ご注意ください!高度なウェブアプリケーションを使ってモバイルバンキングのユーザーを狙う新たなフィッシング手法

新たな懸念すべきフィッシング手法が出現し、iOS と Android の両方のプラットフォームのモバイル バンキング ユーザーに深刻な脅威をもたらしています。マルウェア対策ベンダー ESET の最近の警告によると、サイバー犯罪者はプログレッシブ ウェブ アプリケーション (PWA) と WebAPK を利用してセキュリティ対策を回避し、機密性の高い銀行の認証情報を盗んでいます。
目次
攻撃の仕組み
この新しいフィッシングキャンペーンは、ネイティブ アプリのように見え、機能するように設計された Web アプリケーションである PWA の柔軟性を悪用しています。PWA では、ユーザーがサードパーティ アプリのインストールを有効にする必要がないため、それほど疑わしく見えません。サイバー犯罪者は、iOS ユーザーにこれらの PWA をホーム画面に追加するように指示し、Android ユーザーにはブラウザーでカスタム ポップアップを確認するように求め、これらの偽のアプリケーションのインストールに誘導しています。
Android ユーザーにとって、WebAPK の使用により脅威は増大します。これらは基本的に、正規アプリの外観と動作を模倣したアップグレードされた PWA であり、多くの場合、ユーザーを騙して Google Play からダウンロードしたと信じ込ませます。ESET の調査では、これらの WebAPK は、ユーザーが不明なソースからのアプリのインストールを許可していなくても、通常のセキュリティ警告をトリガーしないことが強調されています。インストールされると、これらの悪意のあるアプリケーションはユーザーのデバイスにシームレスに溶け込み、公式の銀行アプリであることを示唆するアイコンと情報を表示します。
配布方法
これらのフィッシング アプリケーションの配布は、自動音声通話、ソーシャル メディアのマルバタイジング、SMS メッセージの組み合わせによって行われます。ユーザーは、公式アプリ ストアや標的の銀行の Web サイトに似た偽の Web サイトに誘導するリンクをクリックするように誘導されます。その後、モバイル バンキング アプリのアップデートと思われるものをインストールするように求められます。

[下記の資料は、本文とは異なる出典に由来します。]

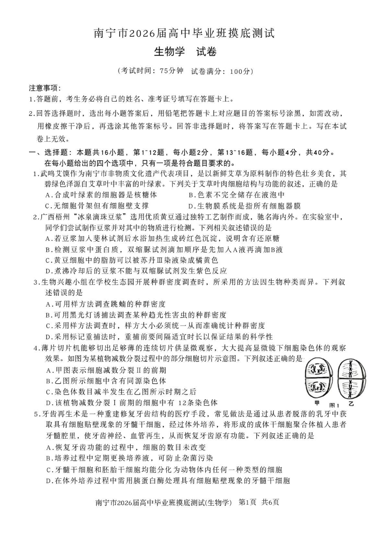 南宁市2026届高中毕业班摸底测试 生物.pdf

これらのアプリはインストールされると、銀行口座にアクセスするふりをしてユーザーのログイン認証情報を要求します。ユーザーには知られずに、この機密情報は攻撃者のコマンド アンド コントロール (C&C) サーバーに即座に送信されます。
脅威の状況
ESET の調査によると、このフィッシング キャンペーンはおそらく 2023 年 11 月に開始され、C&C サーバーは 2024 年 3 月までにアクティブになったようです。主な標的はチェコ共和国のモバイル バンキング ユーザーですが、攻撃はハンガリーとジョージアの個人も標的にしています。ESET は、これらの攻撃の背後に 2 人の別々の脅威アクターを特定しました。どちらもユーザーを侵害するために同様の手法を使用しています。
さらに、こうした攻撃者が模倣アプリをさらに開発して、攻撃手段を拡大するのではないかという懸念が高まっています。こうした PWA や WebAPK は、正規の銀行アプリとほとんど区別がつかないほど巧妙に作られているため、特に危険です。
脅威から身を守る
このような高度なフィッシング手法の台頭により、ユーザーが警戒を怠らないことがこれまで以上に重要になっています。自分自身を守るために実行できる手順は次のとおりです。
- アプリのインストールには注意してください: 公式アプリ ストアから直接入手したものではないアプリのインストールは避けてください。リンク経由でアプリまたはアップデートをインストールするように求められた場合は、まずその正当性を確認してください。
- 異常なリクエストに注意してください: ログイン認証情報や銀行口座の詳細などの機密情報を要求するアプリには注意してください。特にアップデートを主張している場合は注意してください。
- 最新情報を入手してください: 最新のセキュリティ ニュースを常に把握し、デバイスのセキュリティ ソフトウェアが更新され、こうした種類の脅威を検出してブロックできるようにします。
この新しいフィッシング手法は、サイバー犯罪者の戦術が進化していることと、ユーザーの意識を高める必要があることを強調しています。正当なアプリケーションと不正なアプリケーションの境界線があいまいになっているため、常に情報を入手し、注意を払うことが最善の防御策となります。